Enable and customize the **learning rate warmdown schedule** using environment variables and command-line flags.

**Basic iteration-based configuration:**

```bash

# Warmdown over the final 3000 steps of a 20k-step run

WARMDOWN_ITERS=3000 python train_gpt.py \
    --iterations 20000 \
    --train_batch_tokens 524288 \
    --train_seq_len 1024

```

**Wall-clock-based configuration:**

```bash

# 10-minute training cap with warmdown starting 2 minutes before the deadline

MAX_WALLCLOCK_SECONDS=600 WARMDOWN_ITERS=1200 python train_gpt.py \
    --iterations 20000 \
    --train_batch_tokens 524288 \
    --train_seq_len 1024

```

**Fraction-based configuration:**

```bash

# Warmdown over the final 30% of training steps

WARMDOWN_FRACTION=0.30 python train_gpt_cuda_binary.py \
    --iterations 20000 \
    --train_batch_tokens 524288

```

## Key Source Files and Functions

| File | Description | Key Function |
|------|-------------|--------------|
| [`train_gpt.py`](https://github.com/openai/parameter-golf/blob/main/train_gpt.py) | Main training entry point containing the canonical `lr_mul` implementation | `lr_mul(step: int, elapsed_ms: float) -> float` |
| [`train_gpt_mlx.py`](https://github.com/openai/parameter-golf/blob/main/train_gpt_mlx.py) | Apple Silicon (MLX) variant mirroring the warmdown logic | `lr_mul` (equivalent implementation) |
| [`records/track_non_record_16mb/.../train_gpt_cuda_binary.py`](https://github.com/openai/parameter-golf/blob/main/records/track_non_record_16mb/.../train_gpt_cuda_binary.py) | Binary training experiments with fraction-based warmdown | Fraction calculation using `WARMDOWN_FRACTION` |
| [`records/track_10min_16mb/.../train_gpt_decode.py`](https://github.com/openai/parameter-golf/blob/main/records/track_10min_16mb/.../train_gpt_decode.py) | Decoding experiments with `WARMDOWN_FRAC` and `min_lr` clamping | Fraction-based warmdown with minimum LR floor |

## Summary

- The **learning rate warmdown schedule** in parameter-golf applies a linear decay multiplier to optimizer learning rates during the final phase of training.
- The `lr_mul` function in **[`train_gpt.py`](https://github.com/openai/parameter-golf/blob/main/train_gpt.py)** implements the core logic, supporting both iteration-based and wall-clock-based warmdown strategies.
- **Iteration-based warmdown** decays over a fixed number of final steps (`WARMDOWN_ITERS`), while **wall-clock-based warmdown** dynamically calculates the decay window based on remaining time and average step latency.
- **Fraction-based variants** (`WARMDOWN_FRACTION`) allow specifying the warmdown window as a percentage of total training budget, optionally clamping to a minimum learning rate.
- The schedule is enabled by setting `WARMDOWN_ITERS` or related environment variables, and the multiplier is applied to each optimizer's `base_lr` every training step.

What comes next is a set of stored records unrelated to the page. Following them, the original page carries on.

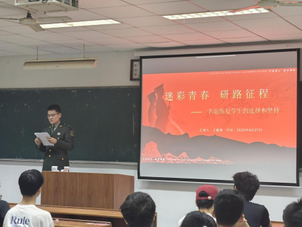4月27日,威廉希尔官网和外国语威廉希尔官网在J4-304联合举办了老兵讲故事活动,本次活动由威廉希尔官网黄磊老师主持。本次活动特邀今年顺利考取燕山大学、南昌航空大学研究生的退伍大员工王顺德、江宇来讲述他们在军营、在校园的奋斗故事,培养同学们坚韧不拔的精神,激励广大学子树立正确的人生观和价值观,两院共计100余名同学参加此次活动。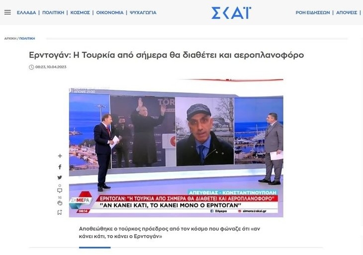SKAİ TV'ye bağlanan Manolis Kostidis, Başkan Erdoğan'ın sözlerini iletti "Türkiye bugünden itibaren kendi uçak gemisine sahip olacak" ifadelerini kullandı. TCG Anadolu'nun insansız hava araçları taarruz helikopterleri, tanklar, zırhlı amfibi araçlar taşıyacağı vurgulandı.
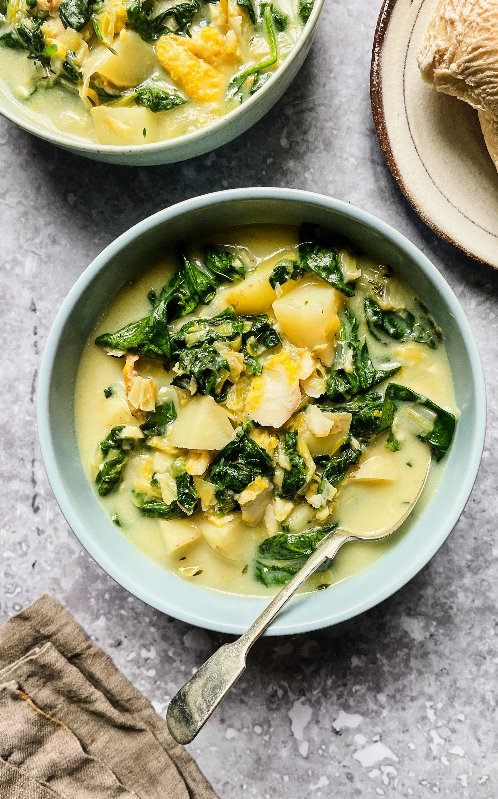 3. Gently place the smoked haddock into the pan and simmer for 5-6 minutes, until it flakes easily. Lift the fish out, break it into chunks, and return to the soup.
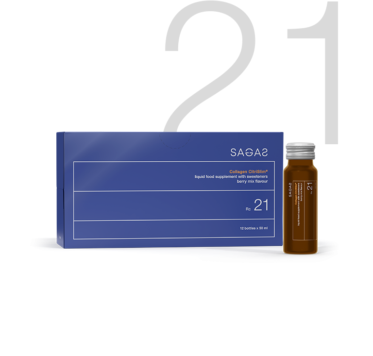 Sagas Rc 21 Collagen CitriSlim je edinstveno tekoče prehransko dopolnilo s formuliranimi sestavinami, ki podpirajo telo in varujejo kožo. Vsebuje skrbno uravnotežene sestavine, ki imajo sinergijsko delovanje za doseganje želenih rezultatov – 20.000 mg CitriSlim® izvlečka nezrelega ploda ponkan mandarine ( Citrus reticulata ), 10.000 mg hidroliziranega morskega kolagena Jellice® in 10 mg praha nizkogrmaste borovnice (Vaccinium angustifolium).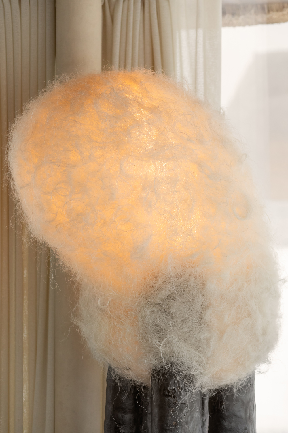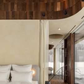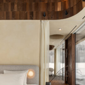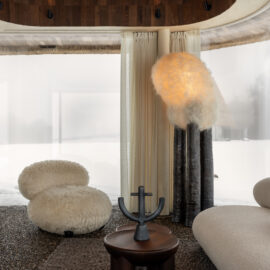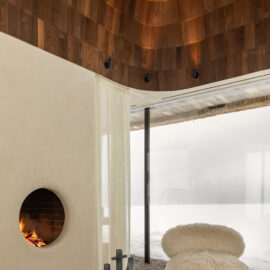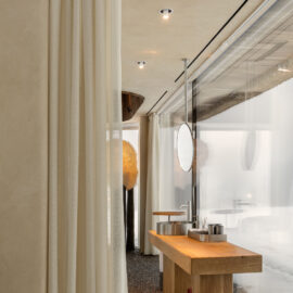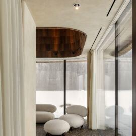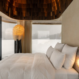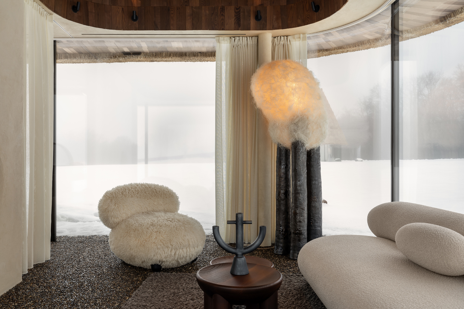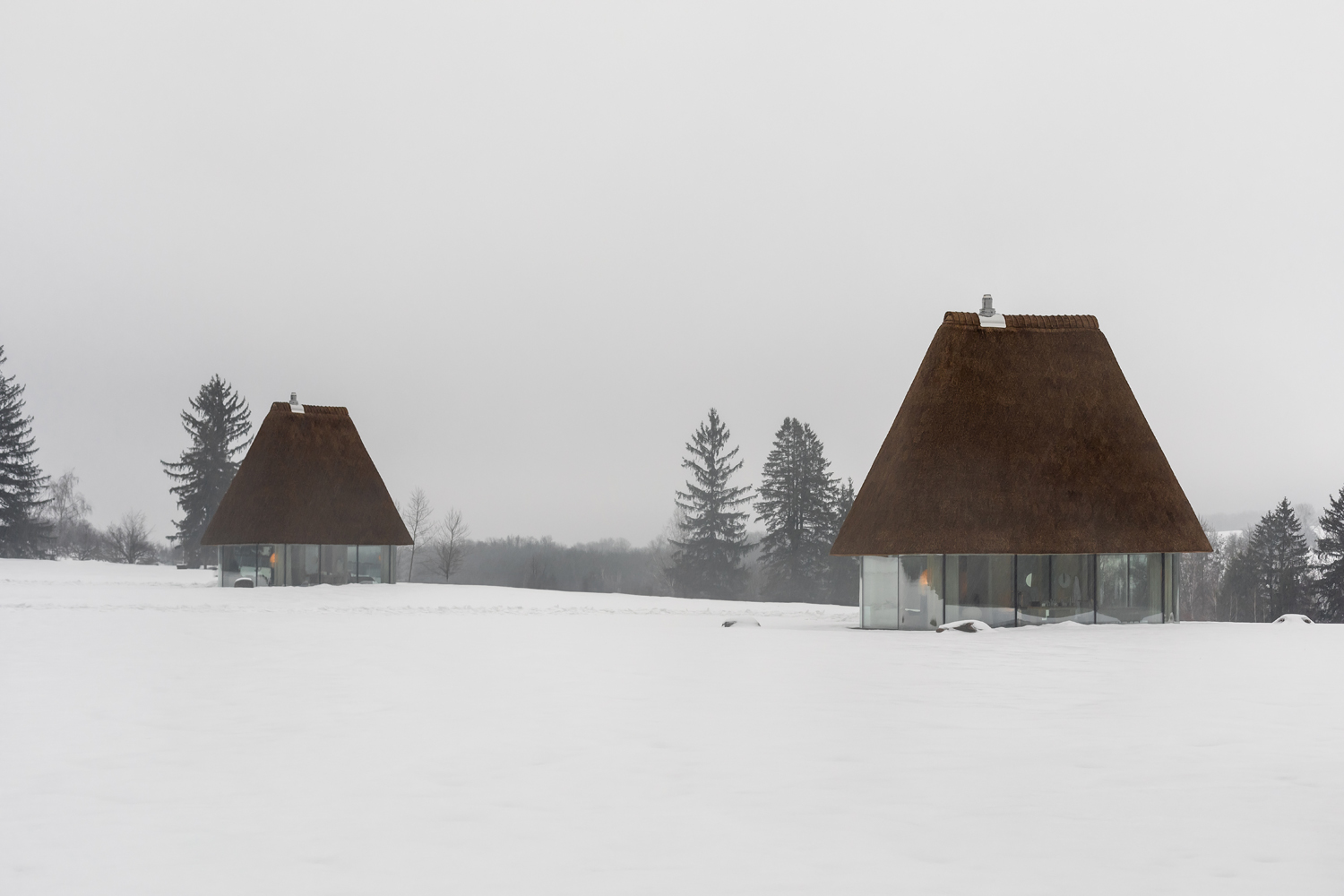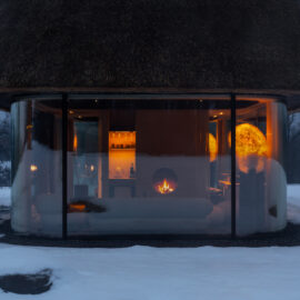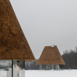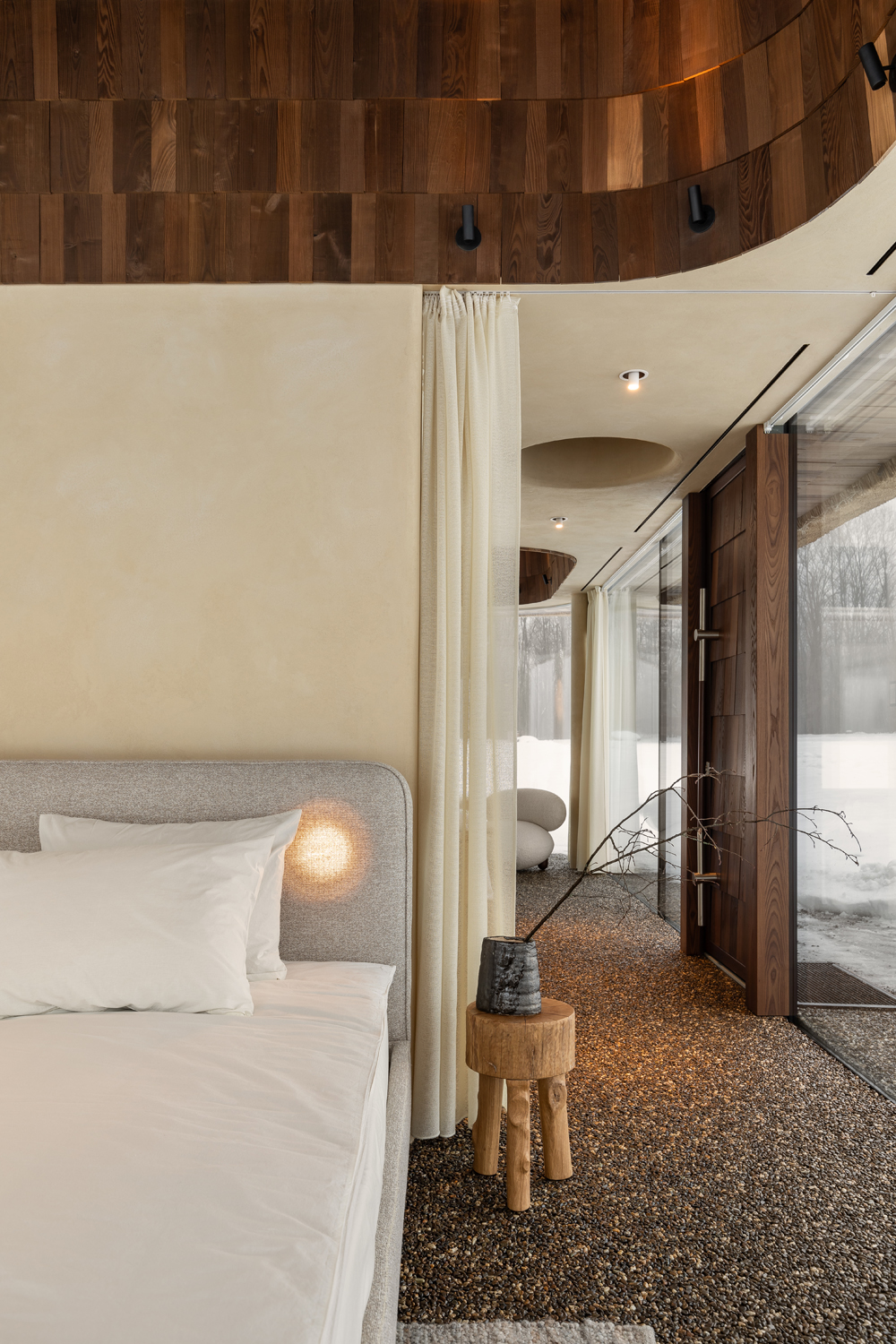 У денний час прозорі зовнішні стіни практично зникають, створюючи ілюзію левітації масивного очеретяного даху. Підлога всередині та зовні будинку виконана з однорідного кам’яно-килимового покриття, яке є приємним на дотик і створює легкий масажний ефект під час ходіння босоніж. Суцільне скління підсилює відчуття повного занурення в природу, де краєвид стає частиною емоційного досвіду. За потреби гості можуть відокремитися від зовнішнього світу за допомогою щільних, але візуально легких штор, керування якими відбувається автоматично – кнопка розташована в узголів’ї ліжка.

## Frequently Asked Questions

### How do I enable the learning rate warmdown schedule in parameter-golf?

Set the `WARMDOWN_ITERS` environment variable or pass `--warmdown_iters` as a command-line argument when running [`train_gpt.py`](https://github.com/openai/parameter-golf/blob/main/train_gpt.py). For example, `WARMDOWN_ITERS=3000 python train_gpt.py --iterations 20000` enables a 3000-step linear decay during the final phase of training.

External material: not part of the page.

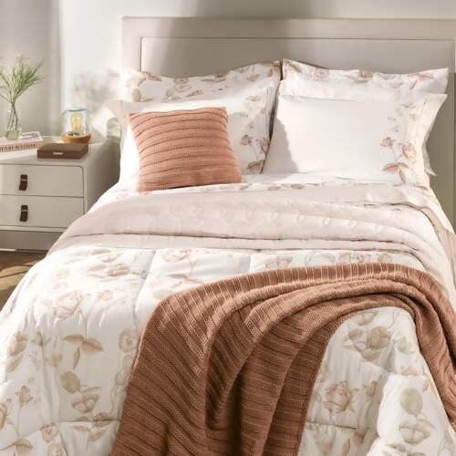 Transforme seu quarto com a sofisticação e o aconchego do Jogo de Cama Queen Mariê . Produzido em 100% algodão 200 fios, proporciona um toque suave e encorpado, além de ser respirável, hipoalergênico e resistente ao pilling, garante maior durabilidade e cuidado com a pele. O conjunto inclui um lençol tinto com vira dimensionada e bainha de 10cm (2,40m x 2,50m), um lençol com elástico estampado (1,58m x 1,98m x 40cm) e duas fronhas (50cm x 70cm) com abas elegantes de 7cm . Com uma estampa floral em tons de rosa e bege , esse jogo de cama adiciona charme e requinte à decoração.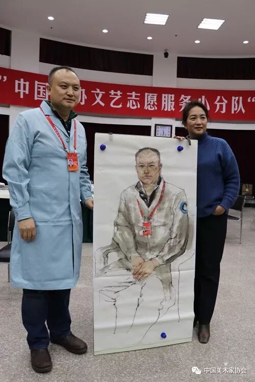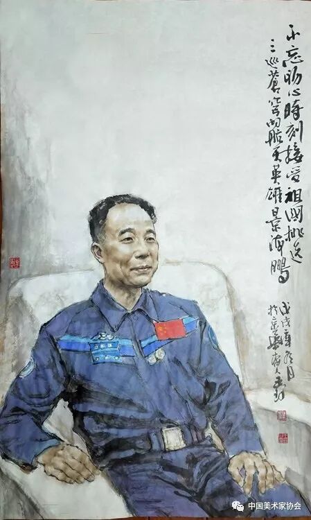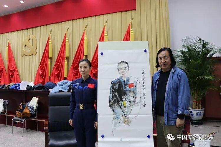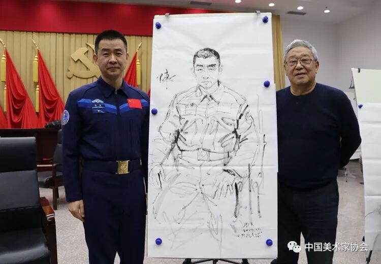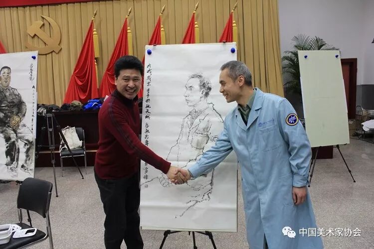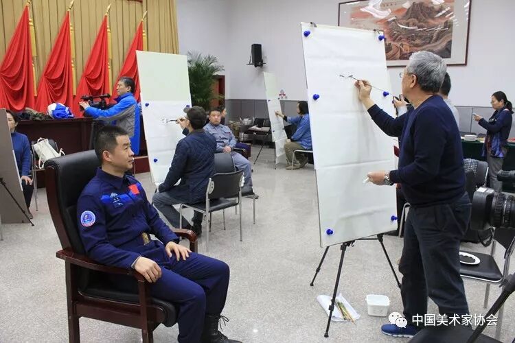 王珂根据照片为因公务晚到现场的航天员景海鹏画像

### What is the difference between iteration-based and wall-clock-based warmdown?

**Iteration-based warmdown** calculates the decay window as a fixed number of training steps (`warmdown_iters`) before the total iteration count ends. **Wall-clock-based warmdown** instead monitors elapsed time and estimates the average milliseconds per step to determine when to start decaying based on the remaining wall-clock budget, making it ideal for time-constrained training runs.

### Can I use a fractional warmdown window instead of fixed iterations?

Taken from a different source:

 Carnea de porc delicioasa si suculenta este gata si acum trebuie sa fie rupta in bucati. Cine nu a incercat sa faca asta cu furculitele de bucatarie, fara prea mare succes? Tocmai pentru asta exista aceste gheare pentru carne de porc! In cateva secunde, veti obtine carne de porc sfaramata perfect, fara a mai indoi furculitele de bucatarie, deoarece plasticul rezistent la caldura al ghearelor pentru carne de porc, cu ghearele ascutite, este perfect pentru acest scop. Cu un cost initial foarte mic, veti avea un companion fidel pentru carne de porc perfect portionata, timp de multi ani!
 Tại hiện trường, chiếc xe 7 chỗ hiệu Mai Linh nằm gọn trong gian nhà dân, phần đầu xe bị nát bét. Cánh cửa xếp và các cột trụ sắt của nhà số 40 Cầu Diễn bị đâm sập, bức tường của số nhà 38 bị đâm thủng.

Yes. Experimental scripts like [`train_gpt_cuda_binary.py`](https://github.com/openai/parameter-golf/blob/main/train_gpt_cuda_binary.py) support the `WARMDOWN_FRACTION` or `WARMDOWN_FRAC` environment variables. These interpret the warmdown window as a fraction of the total training budget (e.g., `WARMDOWN_FRACTION=0.30` warms down over the final 30% of steps), often with an optional `min_lr` floor to prevent the learning rate from dropping too low.